The suicide of former NFL star and convicted murderer Aaron Hernandez is an occasion for thinking about the policy of sentencing people to sentences of life without parole.  One of the less noted perversities of capital punishment is that it deflects attention from this subject.  Indeed, an innocent person on death row almost certainly has a far better chance of eventual exoneration than someone serving life sentence, because of the far greater per capita resources expended on death penalty cases.

There are currently about 2,900 people on death row, and more than a third of them are in jurisdictions that now almost never execute anyone, most notably California.  Meanwhile as of five years ago around 159,000 people in the US were serving life sentences, and nearly a third of those sentences did not include the possibility of parole.  Several thousand of the latter sentences were imposed on juveniles, in some cases for crimes committed when the offender was as young as 13.  (The US is the only country in the world that sentences juveniles to life without parole).

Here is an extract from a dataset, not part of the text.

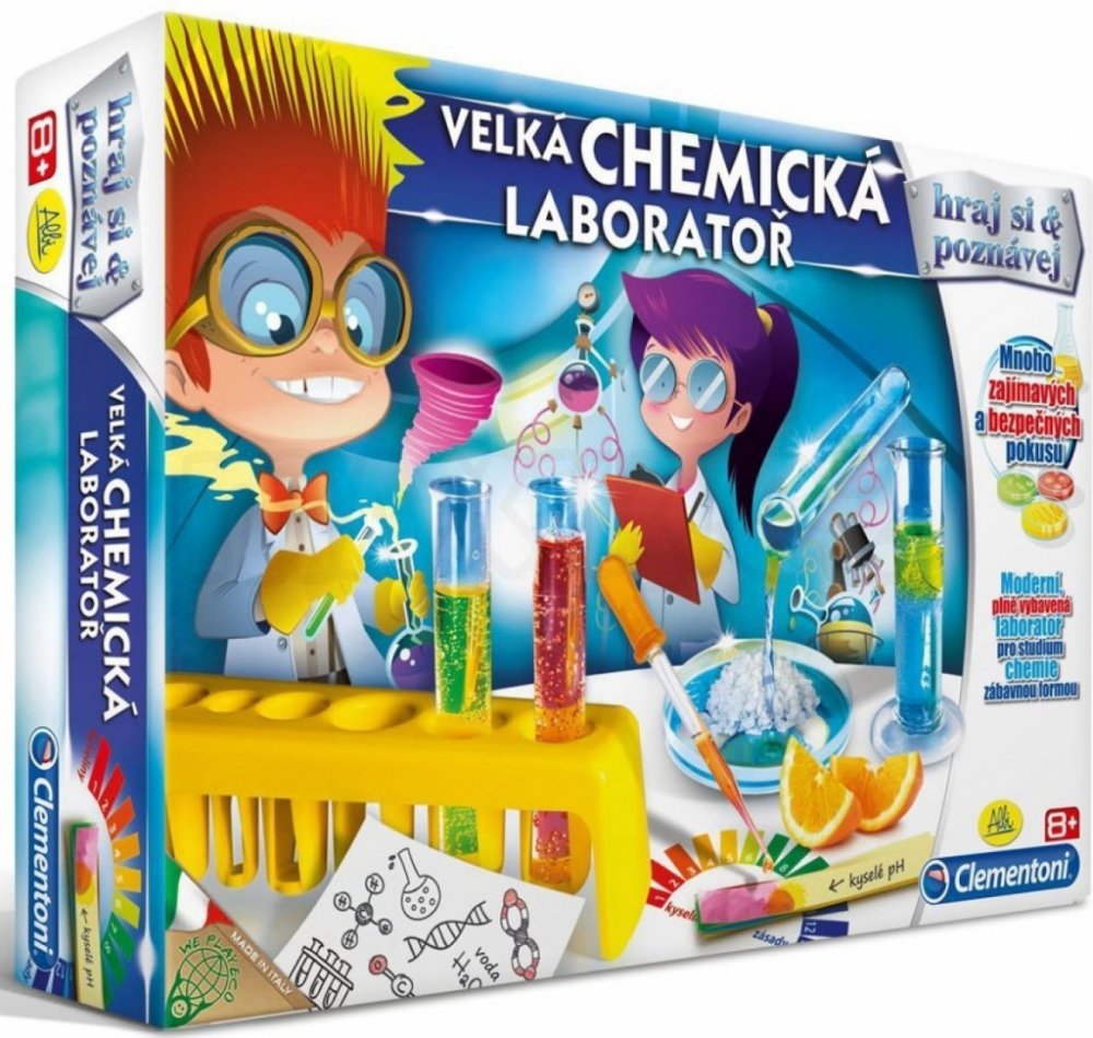 Experimentální sada Velká chemická laboratoř představuje moderní, plně vybavenou laboratoř pro studium chemie zábavnou formou. S touto experimentální sadou mohou děti vytvářet desítky zajímavých chemických pokusů. To vše díky množství užitečných pomůcek a naprosto bezpečně.

Life without parole is a barbaric sentence, that no civilized legal system should tolerate.  While there are certainly people who should never be released from prison before they die, that judgment should be made on a truly individualized basis, not by sentencing whole classes of offenders to the certainty of lifetime imprisonment.  The fact that life without parole exists in large part as a wedge against death penalty advocates is just another example of the social damage that the continued existence of capital punishment does — as is the fact that so few resources, comparatively speaking, are dedicated to the legal claims of the tens of thousands of people in America serving legally irrevocable life sentences.